Black, white, and blue

Dallas' African-American cops say they are being unfairly disciplined by a racist department. The numbers suggest they're right.


The notion that black cops get rougher discipline has kicked around Dallas for almost a decade.

In 1992, a year before Ben Click arrived from Phoenix, then Executive Assistant Chief Robert Jackson, at the time the department's highest-ranking black officer, told The Dallas Morning News: "People may feel in their minds that they are being fair. But if you look at the numbers, there is some partiality...The administration, like someone going to AA, needs to admit there's a problem."

A black chief of police like Terrell Bolton is not necessarily a solution to the problem of disparate discipline, black officers say.
A black chief of police like Terrell Bolton is not necessarily a solution to the problem of disparate discipline, black officers say.

At the time, Jackson offered no figures or examples to support his contention. Nor did Jackson or any other executive officer take on the issue as his or her personal responsibility. (Jackson, who has left the department, could not be reached for comment.)

"The chief [Click] spoke about fairness," recalls Manuel Vasquez, who was a co-executive assistant chief with Jackson, "but there was never any specific officer assigned to monitor the problem." When asked why, given the prospect of federal intervention now, the department leaders didn't take more action, Vasquez seems mystified. "I cannot answer that even myself. As leaders, how do you address it?"

For his part, former Chief Click believes he did what he could. "The best thing you are going to do is set a tone," says Click, who is now retired and lives in Phoenix.

The city's longest-serving police chief in nearly 40 years, Click presided over a nearly 10 percent increase in minority hires and adamantly denies that he allowed racism to flourish under his watch. Asked in a September 1998 deposition for the Holiday case whether he had ever disciplined somebody because of race, Click responded: "First of all, I've never done that, and I'm not going to tolerate anybody that does that."

In a telephone interview from Phoenix, Click questioned whether the sorts of numbers facing Dallas are unique.

"There is a lot of history to this," Click says. "In almost every area of our society, we find these people over-represented like this." The former chief referred to a recent case in Decatur, Illinois, in which a federal judge upheld the expulsion of six black high-school students who brawled with other students in the stands at a football game. Their expulsion prompted protests led by the Rev. Jesse Jackson. A national study of 10 school districts released in the wake of the Decatur case found that "zero tolerance" disciplinary policies at public schools have led to black students being expelled or suspended at a rate that is disproportionate to their numbers.

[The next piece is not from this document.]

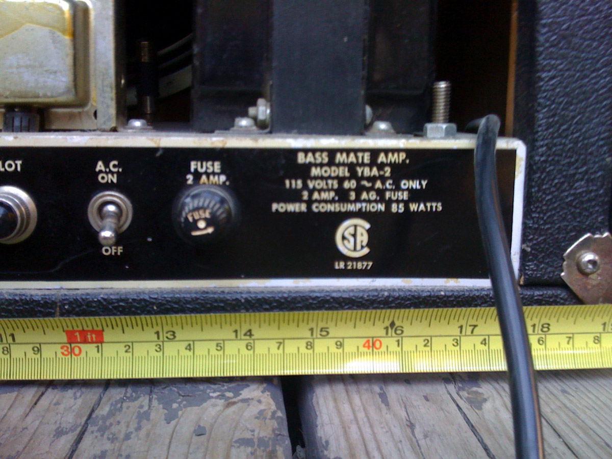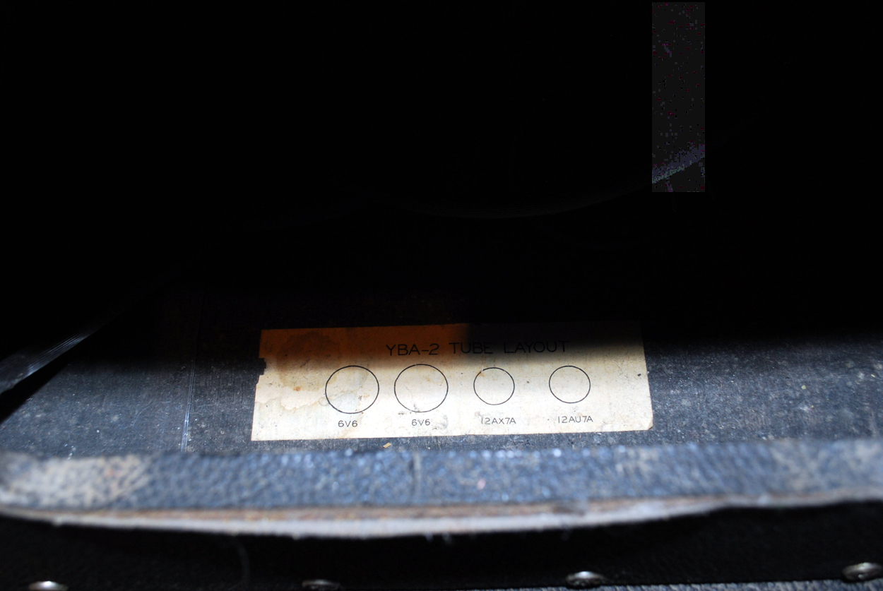 1966. A 1967 YBA-1 is reported to feature a diode rectifier. The used tubes are, as indicated in the amp: Two 6CA7s (replaceable by EL34s) and three 12AX7As (also called 7025s or ECC83s); plate voltages have always been a question on these units, but I think this may be largely because of confusion with the YBA-1A models that run VERY high plate voltages; most of the YBA-1 models probably come in somewhere +/-450 volts (one has reported 425 volts on plate, another one ca. 437 volts); this may have gotten higher after 1971, but into the summer of 1971 I'd expect the plate voltages on 6CA7s to be down substantially from the YBA-1A; have the chassis sliding-in ala Fender.

"This kind of reflects our whole society," Click says.

While Click's generally pessimistic acceptance of racial disparities might raise skepticism about his suitability for the job of tackling such problems in his own department, Click swears that he never let race enter into his decisions on discipline.

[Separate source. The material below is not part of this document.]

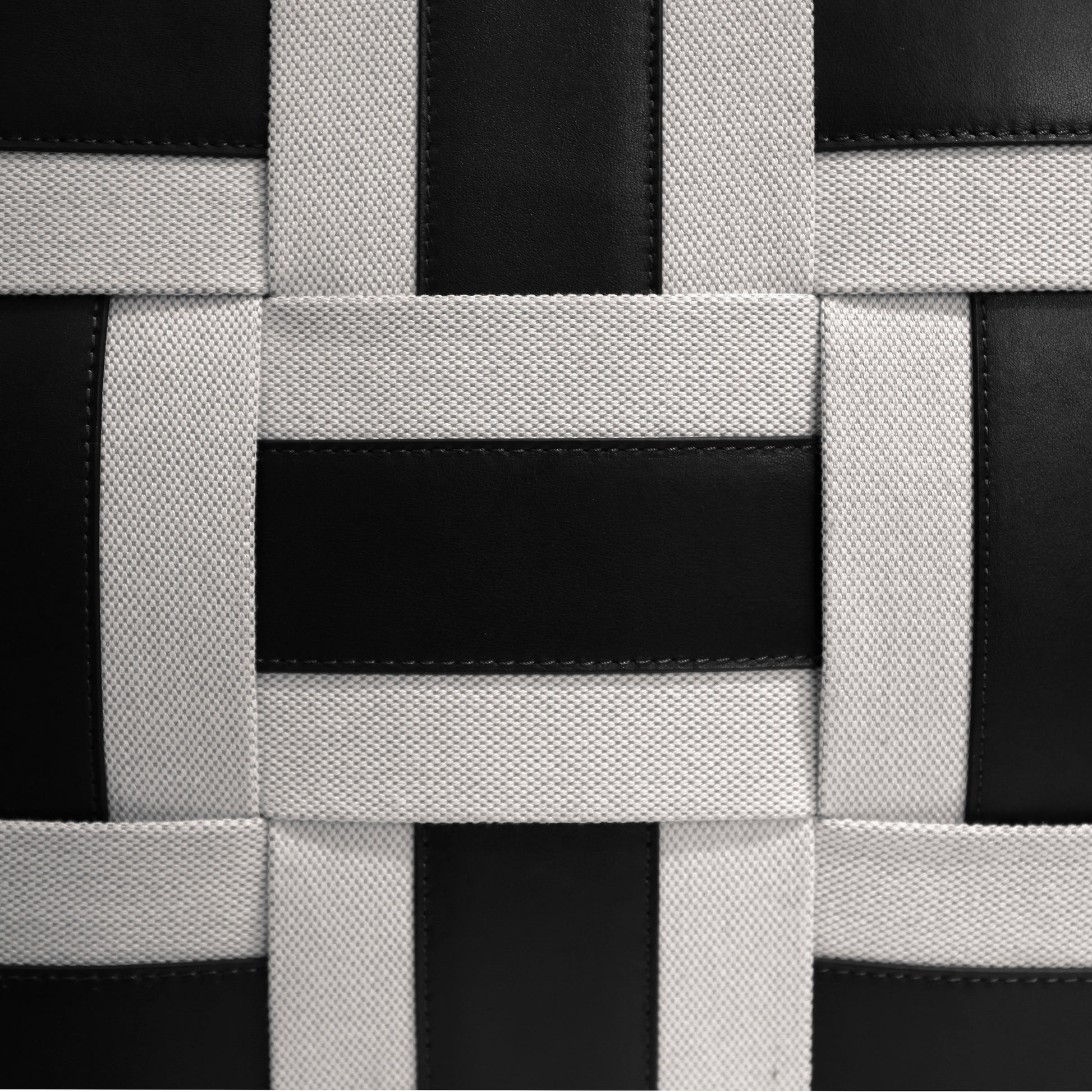 It makes an elegant and refined statement while also having a padded 15” laptop compartment, an interior zipper, and is fully lined. The exterior is crafted from dark brown genuine leather and ivory canvas.

"I usually didn't know the officer's race," says Click, who had the last word on disciplinary actions during his tenure. Shortly after taking office in 1993, Click says, he purposely assigned a black man, Assistant Chief Willie Taylor, to oversee the internal affairs department. When TPOA officials came to Click anyway and complained about alleged discrimination, the former chief says, he told them he had an open-door policy. Any officer could tell him about supervisors who sent black officers to internal affairs for investigation and allowed white officers to escape with little or no punishment for similar offenses

"If you show me a supervisor who does that, I'll fire him," Click says he told the TPOA officers.

Experience is the real issue behind the disparity in the numbers, Click says. By hiring more blacks, particularly young officers, the department attracted a new, less-disciplined crowd. "Young officers have not had as much exposure to the rules," he argues.

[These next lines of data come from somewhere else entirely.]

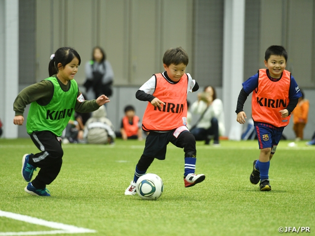 小学生を対象としたサッカー教室を中心に、 来場者参加型のサッカーアトラクション、地域のグルメを楽しめるマルシェコーナーなど、来場者や地域の方みんなが笑顔になれるサッカーイベント「JFA・キリン ビッグスマイルフィールド」が11月24日(日)に福島県のJヴィレッジで開催され、およそ800人の子どもたちが笑顔でボールを追いかけました。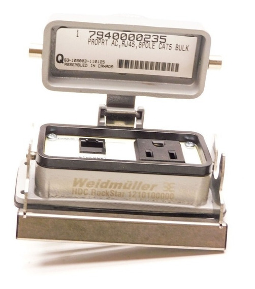 RJ45(CAT5)+AC Interface Serie HDC. Puerto de alimentación 120V 5A con conector RJ45 (CAT5). Tamaño 6. Con carcasa metalica.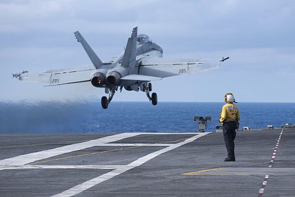 Picture of the Day: Aviation Boatswain’s Mate 3rd Class Katie Brown Watches F/A-18F Super Hornet Launch

The statistics don't suggest racial disparities in discipline increased during Click's reign, as TPOA leaders contend. But they show little support for his theory that only as the number of young blacks entering the department increased did African-Americans start receiving discipline in disproportionate numbers. Black cops were disciplined at an equally disproportionate rate from 1990 to 1995 (before Click started hiring more minority recruits) as they were in the latter part of the decade.

More than Click, TPOA leaders say, it's the structure of the disciplinary system at the police department that allows racism to stay alive. Specifically, the department has no written requirements for when a supervisor (typically, a sergeant) must send a subordinate to internal affairs for documented discipline -- the kind that stays in their permanent records and harms their chances for promotion. In the case of a cop taking a catnap, for example, a Dallas police sergeant could drive by, yell "wake up," and be done with it. Or, he could set up the snoozer for an internal affairs investigation. There are now 279 white and 61 African-American sergeants at the department.

Despite the broader issues at stake, Click remains a sore spot for black officers -- perhaps because he came into the department with the promise of improving race relations, generally received credit for doing so, but nonetheless failed to deal directly with the disparities in discipline.

TPOA's Glover remembers tracking down Click in the parking lot of the downtown headquarters building to ask him to focus on the problem. "I waited for him at his car because I couldn't get an appointment," Glover says.